After profiling a dataset, the next step is to define what “good data” looks like and monitor it continuously. In ADOC, a policy is a set of Rules or Rule Sets that defines your expectations for a dataset. Each policy can include one or more rules, and a policy is considered passing only if all its rules are met.
Policies help you enforce data quality, freshness, reconciliation, anomaly detection, data drift, and schema drift rules, ensuring datasets remain reliable over time.
All policy actions are performed per dataset in the Asset Details page, which serves as the hub for monitoring and management.
Example:
- A Data Quality policy might include rules such as “customer email cannot be null” and “order total must be greater than zero.”
- A Freshness policy might include rules like “sales data must refresh daily before 6 AM.”
Workflow Overview
1. Open the Asset Details Page
- In Discover Assets, locate the dataset you want to monitor.
- Click the dataset name to open the Asset Details page.
2. Access Policies
- Navigate to the Policies tab in the Asset Details page.
- Here you can:
- View existing policies
- Create new policies
- Modify rules or thresholds
Apply Policies
Policies are applied per dataset, and you can configure multiple policies for the same dataset depending on business needs.
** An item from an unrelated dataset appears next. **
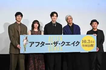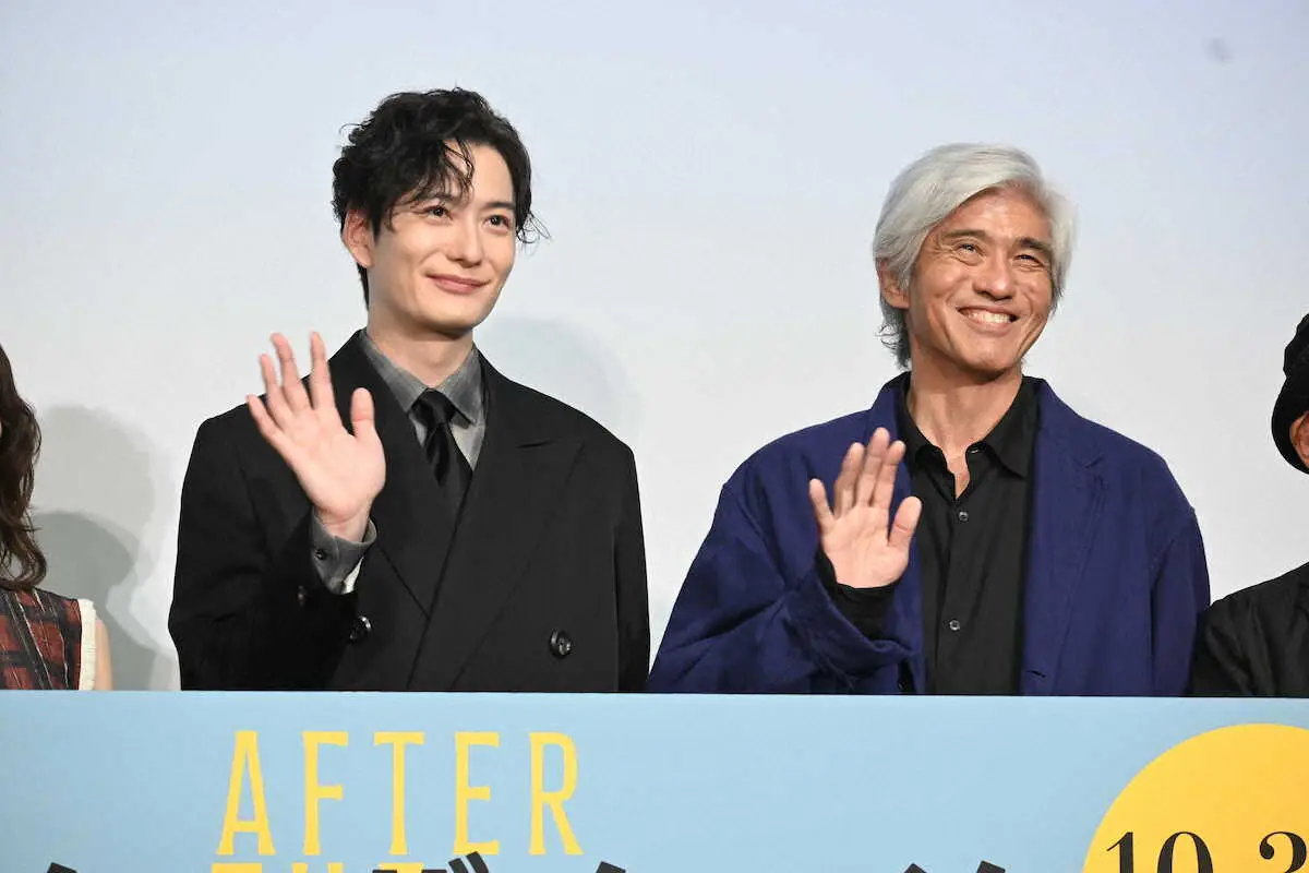 俳優の岡田将生(36)と佐藤浩市(64)が9日、都内で映画「アフター・ザ・クエイク」(監督井上剛、10月3日公開)の舞台あいさつに出席した。

Each policy type has its own criteria and configuration:
- Data Quality Policy
- Reconciliation Policy
- Data Freshness Policy
- Data Anomaly Policy
- Data Drift Policy
- Schema Drift Policy
Choosing the Right Policy Type
| Policy Type | Primary Purpose | When to Use | Execution Frequency |
|---|---|---|---|
| Data Quality | Validate data against rules | Ensure data meets business requirements | On-demand or Scheduled |
| Reconciliation | Compare source and target data | Verify data integrity after movement/transformation | After ETL/ELT processes |
| Data Freshness | Monitor data update timeliness | Ensure data arrives within SLA | Event-triggered (hourly |
| Schema Drift | Detect structure changes | Prevent breaking changes to pipelines | Event-triggered (after crawl) |
| Data Drift | Detect distribution changes | Monitor statistical pattern shifts | Event-triggered (after profile) |
| Profile Anomaly | Detect unusual metric patterns | Catch data quality degradation early | Event-triggered (after profile) |
Policy Combinations for Comprehensive Monitoring
Complete table monitoring:
- Data Quality policy: Validate business rules
- Data Freshness policy: Ensure timely updates
- Schema Drift policy: Protect against structure changes
- Profile Anomaly policy: Detect quality degradation
ETL pipeline monitoring:
- Data Freshness policy: Monitor source data arrival
- Reconciliation policy: Validate transformation accuracy
- Data Quality policy: Check output data quality
- Schema Drift policy: Ensure schema compatibility
Machine learning feature monitoring:
- Data Drift policy: Detect feature distribution changes
- Profile Anomaly policy: Catch statistical anomalies
- Data Quality policy: Validate data completeness
- Data Freshness policy: Ensure training data is current
Getting Started Checklist
Phase 1: Critical Assets (Week 1-2)
Identify 3-5 most critical tables
Create Data Quality policies with 3-5 essential rules
Enable Data Freshness monitoring with basic SLAs
Set up notification channels
Phase 2: Data Movement (Week 3-4)
Add Reconciliation policies for ETL processes
Enable Schema Drift monitoring on production tables
Configure alerts to appropriate teams
Phase 3: Advanced Monitoring (Month 2)
Enable profiling on critical assets
Create Profile Anomaly policies
Add Data Drift policies for ML features
Fine-tune sensitivity and thresholds
Phase 4: Expand and Optimize (Month 3+)
Extend monitoring to more assets
Optimize alert thresholds based on feedback
Document data quality standards
Establish incident response procedures
Monitor Compliance
Once policies are applied, ADOC continuously checks your data.
- Alerts are raised if any policy fails, allowing early intervention before downstream impacts.
- Execution history shows which rules passed or failed.
- Quality scores help track overall data health.
Example alerts:
- Missing or null values in a critical column.
- Daily data not arriving on schedule.
- Totals mismatching across systems.
- Revenue spikes outside normal trends.
Take Action
- Investigate alerts directly in the Alerts page.
- Use system recommendations to fix data issues.
- Adjust policy thresholds or rules as needed.
Managing Policies
- Export & Import: Share policies across teams or environments.
- Policy Groups: Organize related policies for easier management.
- Combine with Profiling: Policies rely on profiling statistics, so ensure profiling is up-to-date before applying policies.
Next Steps
- Choose a dataset that has been profiled.
- Explore policy types.
- Apply a policy and monitor alerts to ensure data reliability.